Kubera is the best way to implement OpenEBS on Kubernetes. It wraps around the Enterprise Edition of OpenEBS and includes 24 / 7 available support for OpenEBS. Everyone from home users to teams building CI/CD or data pipelines can benefit from using Kubera to operate their Kubernetes based data layer.

Kubera reduces operation costs and increases data resilience by simplifying workflows such as upgrading workloads and upgrading OpenEBS itself.

Kubera provides cluster logging, alerting, and reporting, which saves time and money while improving operations. Kubera can also help you see and manage underlying environments to ensure that deployed resources across availability zones and their dynamic provisioning work as per requirements.

Kubera’s open-source license helps meet users’ needs that do not want to upgrade their data layer as frequently. MayaData provides support for users via live chat that connects users to the large MayaData team 24x7, 365 days a year.

Kubera supports simple backup of any workload, regardless of its support for OpenEBS or not. That is especially handy for StatefulSet deployments where you might want the high performance plus the resilience and replication of the node and the cluster data.

MayaData Kubera is also the first Kubernetes native storage solution to support MayaStor, which provides NVMe to deliver per workload storage services. While MayaStor is not as evolved as OpenEBS, MayaData has still added initial support of MayaStor within Kubera.

Per Workload Backup

Data protection requirements on Kubernetes for stateful workloads are fundamentally different from prior approaches to backups, disaster recovery, and cloud migration. Kubera from MayaData addresses these data resilience issues by enabling per workload backup policies.

These backup policies are managed on the user’s Kubera account. They include S3 compliant backup target configuration such as AWS, GCP, Cloudian HyperStore and retention count, S3 target specific region, and time interval information.

Once these policies are up, they run on the defined schedule. Many typical workloads are preconfigured into Kubera with these policies - so when you ask Kubera to log, visualize, backup, and report on a set of containers. Kubera will recognize and apply a relevant set of defaults.

Kubera can also detect a growing number of stateful workloads and provide backup-specific features for that application. That can help teams that use Kubera to have a more comprehensive view of backups and analytics by the application.

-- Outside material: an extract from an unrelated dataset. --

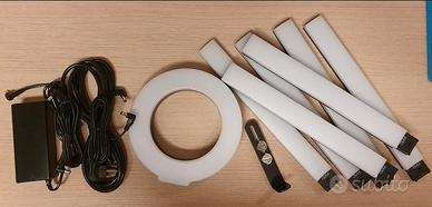 Vendo luce professionale GVM (Great Video Maker) modello 700S da ben 90W (molto più potente delle classiche ring light). È il kit ideale per chi cerca un'illuminazione di alto livello per YouTube, TikTok, ritratti fotografici o lavori di make-up professionale. Grazie alla sua forma a stella con 6 barre LED, crea un riflesso unico negli occhi e una luce diffusa che elimina le ombre dure. Specifiche Tecniche: Potenza 90W: Altissima luminosità regolabile. Bicolore: Passa da luce calda (3200K) a luce fredda (5600K) senza bisogno di filtri. Display Digitale: Per impostare con precisione potenza e temperatura. CRI 97+: Resa dei colori perfetta (fondamentale per video di qualità). Design Modulare: Le barre possono essere rimosse o orientate. Il kit è COMPLETO e comprende: Corpo centrale e 6 barre LED Stativo (treppiede) originale regolabile Supporto per montare Fotocamera o Smartphone Alimentatore originale Borsa da trasporto imbottita GVM Condizioni: Pari al nuovo, utilizzato pochissimo. Tutto perfettamente funzionante.

Automation and Flexibility

OpenEBS is fairly well known for various storage engines such as cStor, Jiva, or LocalPV for different application workloads based on a configuration policy.

cStor is a copy-on-write storage engine, meaning that snapshots take the least amount of space. Jiva is useful for its simplicity, low requirements, and node-accessible host path. Whereas LocalPV is a preferred choice. If you need high speed, dynamic provisioning, or storage that’s not in the data path, dynamic LocalPV is the most commonly used storage engine for OpenEBS and Kubera.

There are often workloads that require multi-level resiliency at various levels, such as host, availability zone, or data center level, which requires lots of implementation. cStor can be used used in these situations to pool underlying cloud volumes for expansion capabilities, create multiple replicas to distribute across availability zones, and back up data to any S3 object storage.

For all the above data resiliency levels, Kubera can automate the process of backup and data recovery.

Kubera also supports self resilient workloads such as Cassandra, Kafka, etc. In a case where you do not need to deploy a multi resiliency model with cStor, you may choose to optimize the higher performance offered by using a flavor of OpenEBS LocalPV while still getting the third level of resilience at the cluster or data center level.

The approach deployed by Kubera, in this case, is to back up one or more nodes of the self resilient workloads, in addition, to protect against the data center and cluster failure. Since OpenEBS cStor is not used in the data path, Kubera takes less efficient backups using the Restic backup manager to provide a third level of resilience.

Highly Fault Tolerant

Building fault-tolerant systems for cloud-native architectures is one of the most counter-intuitive aspects of cloud-native architectures to improve resilience. Each component in the underlying infrastructure needs to be assumed to fail at some point in time.

OpenEBS is amongst well-known fault-tolerant storage systems when it comes to cloud-native design. Every OpenEBS component is a microservice, and these components are loosely coupled to easily separate workloads and underlying infrastructure.

OpenEBS and Kubera, unlike other traditional storage systems, do not store all their metadata in a special-purpose database, which must be kept resilient at all times to keep etcd alive in a Kubernetes environment.

In Kubera, all the metadata, which contains information about disks, is stored via custom resource definitions in etcd itself. Secondly, the volume metadata is stored within the storage volume itself. That means that when a storage volume is attached, it can “find itself” without needing to restore itself without querying a remote metadata database.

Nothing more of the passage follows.